Nina Kemppel, CEO of the Alaska Humanities Forum, knows the power of story. Just listen to this tale of a wildlife encounter while out running trails as a girl with her dad (and keep in mind that a moose in the forty-ninth state is the size of a horse).
“I was seven. We were running intervals on the Jodhpur Loop in Kincaid Park. We came around a corner and there was a baby moose.
“My dad said, ‘Turn around and run!’ And he started to run, but it was wet and I slipped. And this mother moose came running out of the woods.
“She didn’t want to hurt me, she wasn’t trying to trample me, but she just put her hoof nicely on my shoulder, [as if to say] ‘while my baby goes away.’”
Once her offspring was at a safe distance, the moose retreated. Kemppel’s eyes grow wide as she tells it, reliving an intense moment that no Alaskan can hear without shuddering at the image of that protective mama’s powerful hoof.
The anecdote tells you a lot about Kemppel. For one, she’s composed under pressure. Two, she knows just how gripping a moose-in-your-face story will be for her listeners—that it resonates experience and respect for a place as uniquely adventurous as Alaska certainly helps. And, three, she is on point: A good moose story dovetails nicely with the forum’s stated mission, “to use the humanities to tell stories and impact the lives of all Alaskans.”
“That mission motivates me,” says Kemppel, now forty-four. “Even with a minimal budget, we can have an amazing impact in all areas across the state.”
After two and a half years as the forum’s CEO, Kemppel can also talk about solid accomplishments, in education for instance.

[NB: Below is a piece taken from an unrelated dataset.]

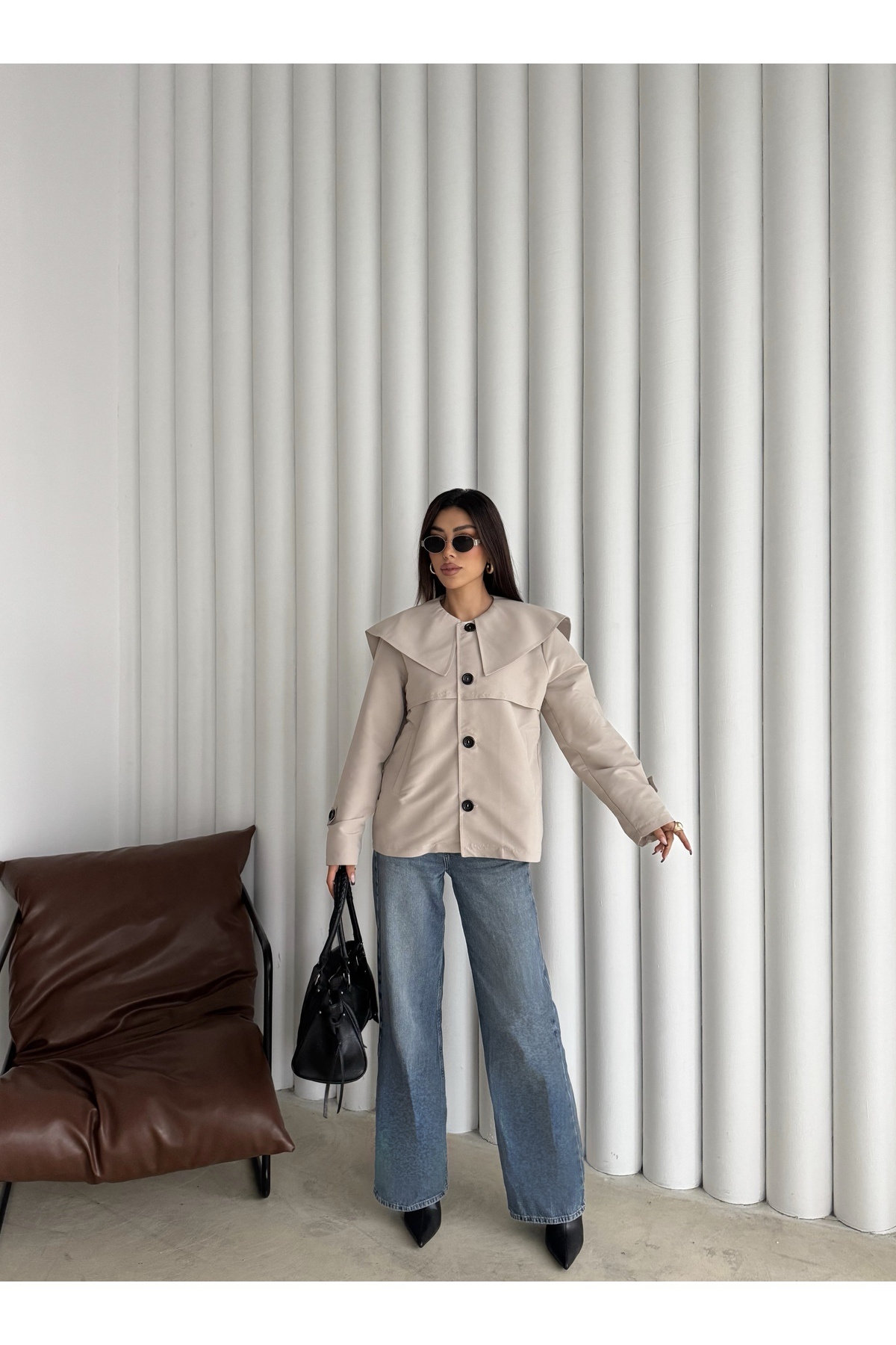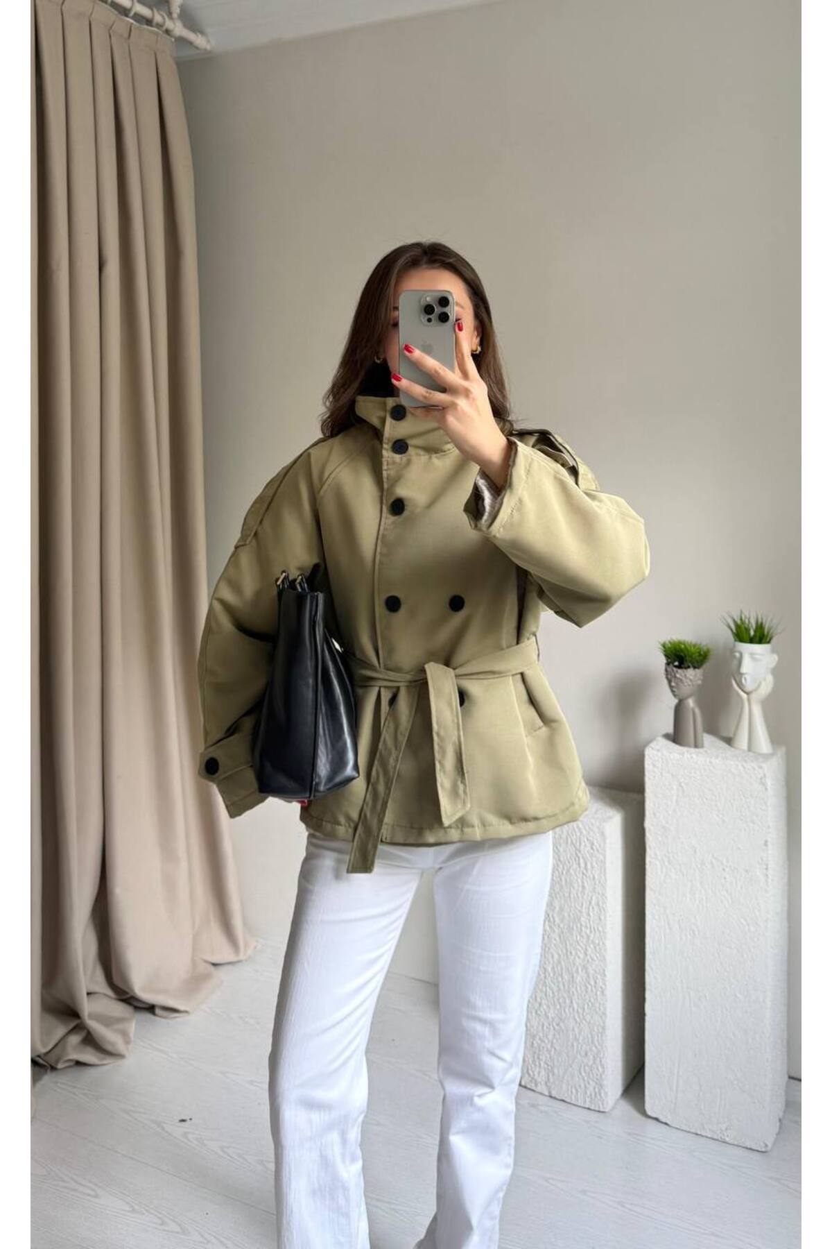 Trend Dik Yaka Düğme Detaylı Astarlı Şık Trençkot Trend Dik Yaka Düğme Detaylı Astarlı Şık Trençkot trenç1 L

In Alaska, retaining qualified teachers in rural communities remains a huge challenge. Thirty percent quit within the first year.
To address the problem, the forum has stepped up with the C3 Project, a cross-cultural immersion program for new teachers. The program teaches skills and cultural sensibilities that prime new teachers for rural environments and the subsistence lifestyle they’ll navigate. Many lessons are practical: filleting a fish or safely steering a four-wheeler, common transportation in rural areas. Others are more nuanced: Joining in elder and youth culture camps and taking on a local community cultural mentor for two years.
Outcomes are impressive. “The average teacher turnover in these rural regions is between 7 and 52 percent,” Kemppel says. “Our teacher retention rates are at 87 percent for teachers returning for year two, so we’re really seeing the program work.” Even more telling? Schools are asking to partner with the forum so that all their teachers can have this experience.
Kemppel is deeply proud of her team, which has helped steer many forum programs toward success. Another of the forum’s success stories is an Anchorage-based leadership program launched years ago that uses the humanities to empower the next generation of civic leaders. The program has graduated several cohorts of diverse young Anchorage leaders. Now, under Kemppel’s guidance, the forum will partner with other organizations across the state to transform Leadership Anchorage into Leadership Alaska, taking those same learning and mentoring opportunities statewide.
The work takes focus and commitment, qualities Kemppel learned as a young athlete. She was only eight years old when she sat her parents down and told them, “I want to go to the Olympics.” “You’ll have to work very hard,” they told her. Kemppel was undeterred, skiing every day before school on that same Jodhpur Loop in Anchorage’s predawn winter darkness.
Her Olympic dream came true, and Kemppel relished a thirteen-year career as a cross-country skier with the U.S. Ski Team. Importantly, she credits this journey with awakening her to the humanities.
“I had such a wonderful opportunity to travel all over the world and talk to different people, and to see how the humanities and arts are different in each place and why,” Kemppel says.
Her natural passion for math and numbers led to an economics degree from Dartmouth, followed by an MBA from the Tuck School of Business. Her training and aptitude launched a career in strategy consulting, both for Fortune 500 companies out of Boston and later for nonprofits in Portland, Oregon.
It was in Portland that she received a phone call from then-board president Mary K. Hughes, who was looking for a candidate who understood how important history and culture are to Alaska, and who could lead the nonprofit forum into the future.
“I came home,” Kemppel says simply, “for this job.”